The potential role of AI in systematic follow-up recommendation tracking and outcome assessment.
Authors
Affiliations (4)
Affiliations (4)
- Vice Chair of Innovation, Department of Imaging Sciences, University of Rochester Medical Center, 601 Elmwood Ave, Rochester, NY 14642. Electronic address: [email protected].
- Medical Director of Enterprise IT/Informatics, Department of Radiology, Massachusetts General Hospital, Harvard Medical School, Boston, MA.
- Department of Radiology, Massachusetts General Hospital, Harvard Medical School, Boston, MA.

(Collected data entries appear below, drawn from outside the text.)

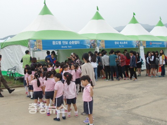 계룡군문화축제가 개막 3일째를 맞아 유치원·각급 학교, 단체 등의 관람객들로 넘쳐나고 있다.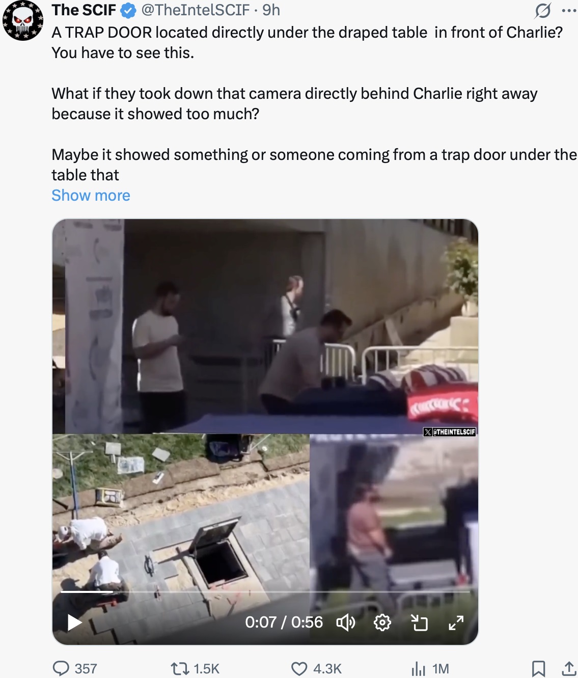 Watching the circus following the supposed assassination I wouldn't be surprised if Charlie did escape down that trapdoor lol. It's so crazy watching it all. Drumpf calling Charlie a master builder, so ridiculous.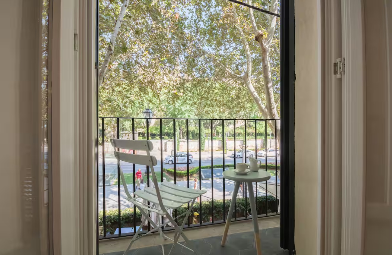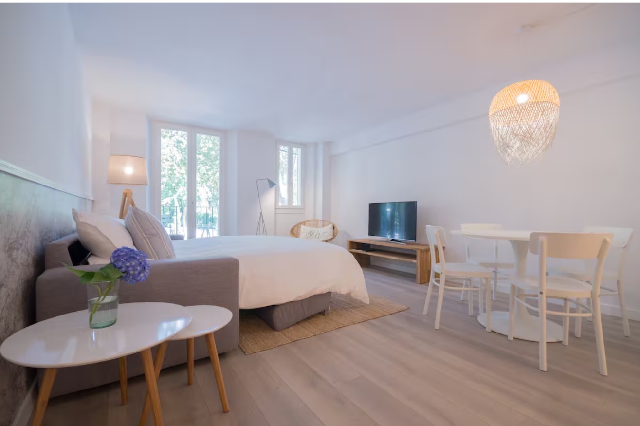 Frente al Palacio Real de Almudaina, se encuentra en la primera planta. El ascensor te permitirá entrar directamente, Este alojamiento tiene una elegante entrada que te lleva a la cocina de planta abierta. La cocina está totalmente equipada (lavadora-secadora, lavavajillas, tostadora, exprimidor, microondas, caldera, cafetera…) y está abierta al salón. También tiene una mesa alta y sillas. La sala de estar es luminosa y espaciosa. Tiene un pequeño balcón y ventana para disfrutar de las vistas. También hay una zona de lectura con una mecedora, un cómodo sofá cama de diseño italiano (160 cm x 200 cm). El apartamento se encuentra en el barrio de La Lonja. Uno de los más modernos de Palma.
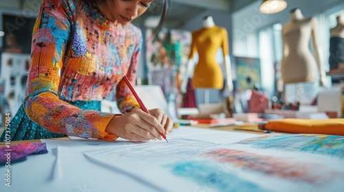 A fashion designer in a vibrant studio creating a rough sketch draft of a new clothing line, mannequins in the background and various fabric samples on a table.

- Vice Chair of Informatics, Department of Radiology, Columbia University Irving Medical Center, Vagelos College of Physicians and Surgeons, New York, NY.
Abstract
Actionable findings requiring follow-up with additional imaging or other diagnostic procedures are frequently reported for a wide variety of radiology exams. Completion of recommended follow-up can lead to new diagnoses including cancer. However, recommended follow-up completion is inconsistent, particularly when follow-up is for findings unrelated to the initial reason for the exam. Follow-up recommendation tracking systems, using a combination of information technology tools and human navigators, can facilitate completion of recommended follow-up, but often require significant effort for manual chart review and direct communication with providers and patients. Artificial intelligence (AI), including large language models (LLMs) able to process vast and diverse unstructured text data, offer the opportunity to improve efficiency with data extraction and aggregation tasks, like those required for follow-up recommendation management. In this review article, we will review the key components of follow-up recommendation management systems: (1) identification of follow-up recommendations within radiology reports, (2) communication of these recommendations, (3) tracking of follow-up recommendations to completion, and (4) outcomes tracking. For each component, we will explore how AI can improve efficiency and expand capabilities of robust management systems that ensure the loop is closed for follow-up recommendations.